Whosoever Will Be Saved – Br. James Koester
Preached at St. Stephen’s Church, Pittsfield MA
Isaiah 6: 1 – 8
Psalm 29
Romans 8: 12 – 17
John 3: 1 – 17
Growing up in the Church, as I did, I often found myself, in those moments waiting for the service to begin, exploring the Prayer Book that I held in my hands. I would flip though it, as perhaps you have done, and read the interesting bits. I liked to look at the The Calendar, and wonder who some of these people were: Bede, Dunstan, Dominic, Stephen. Over the years I have stopped wondering who they were, or even their place and role in history. I have come to know them as friends. As our Rule of Life says, in a somewhat different context: we remember that they are not dead figures from the past. Risen in Christ, they belong to the great cloud of witnesses who spur us on by their prayers to change and mature in response to the Holy Spirit who makes all things new.[1]

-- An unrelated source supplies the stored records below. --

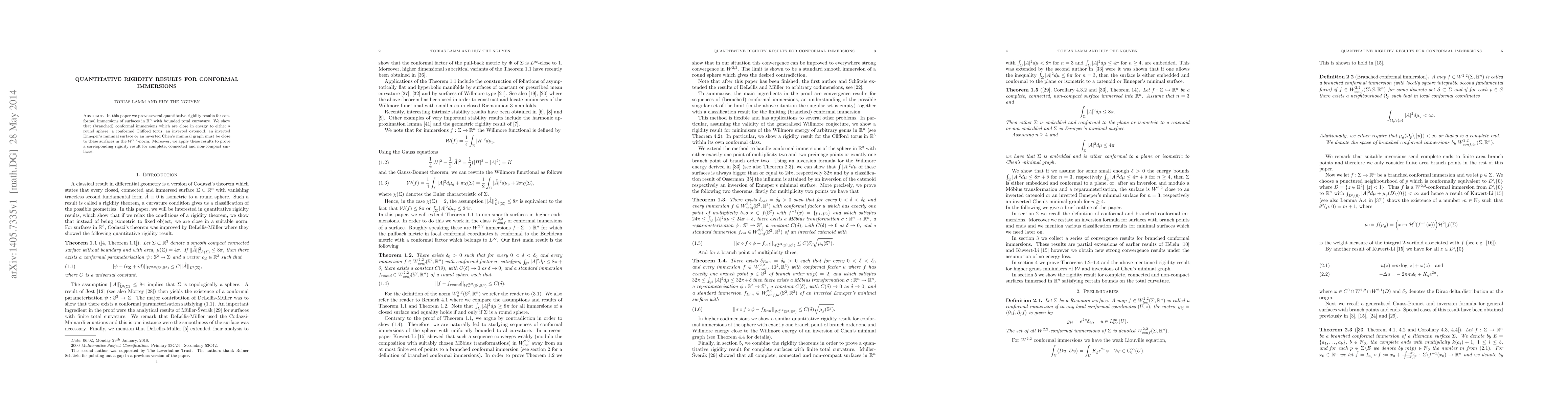 In this paper we prove several quantitative rigidity results for conformal immersions of surfaces in $\mathbb{R}^n$ with bounded total curvature. We show that (branched) conformal immersions which are close in energy to either a round sphere, a conformal Clifford torus, an inverted catenoid, an inverted Enneper's minimal surface or an inverted Chen's minimal graph must be close to these surfaces in the $W^{2,2}$-norm. Moreover, we apply these results to prove a corresponding rigidity result for complete, connected and non-compact surfaces.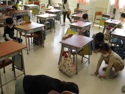 4月23日(金) 2年生 掃除 公開日 2021/04/23 更新日 2021/04/23 2023年度 2年生 濡らした雑巾で床を磨きます。自分の机の周りの掃除が終わったら、友達の手伝いをしている人がいました。素敵です。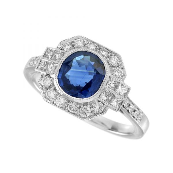 Blue Sapphire Madagascar Diamond Halo Engagement Ring (R4295)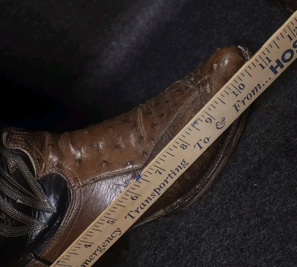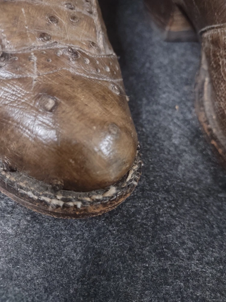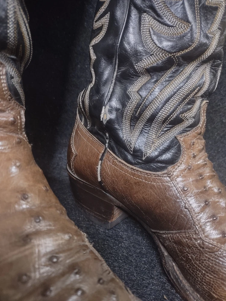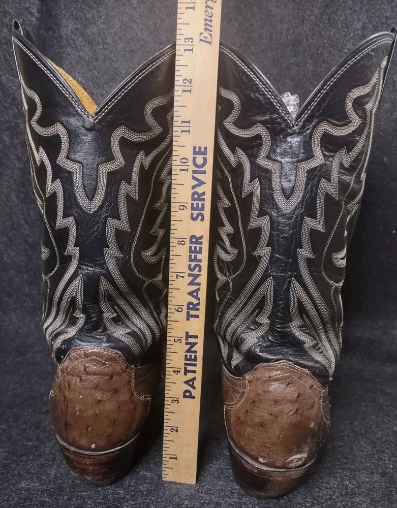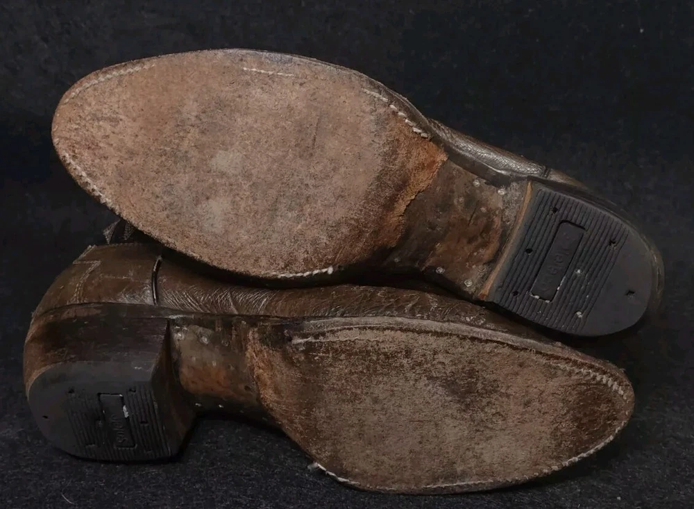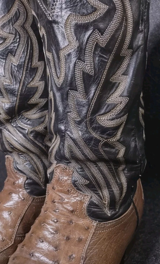 My grandpa bought these in the 80's and resoled them 3 times because he loved them so much. They really don't make them like this anymore and while they're not in pristine condition, they have more character than any brand new pair could aspire to have. Flaws are pictured of course These Justin Boots are a rare find for any cowboy or Western enthusiast. Made from high-quality full quill leather, these boots feature a pointed toe and a mid-calf shaft style. The pull-on closure and wingtip design add to the overall unique look of these boots. With a two-toned abstract pattern and embroidered accents, these boots are perfect for any occasion, from casual outings to formal events. The lightweight design and comfortable fit make them ideal for all-day wear. Don't miss your chance to own a piece of Western history with these vintage Justin Boots.

Or I would make my with through the Table of Kindred and Affinity, where I would read: A Man may not marry his Mother, his Sister, his Grandmother, his Aunt.[2] As I worked my way through the list, and picture the people I was not allowed to marry, I would wonder, not so much as why I may not marry them, but why on earth I would want to marry my mother, my sister, my grandmother, or my aunt, in the first place!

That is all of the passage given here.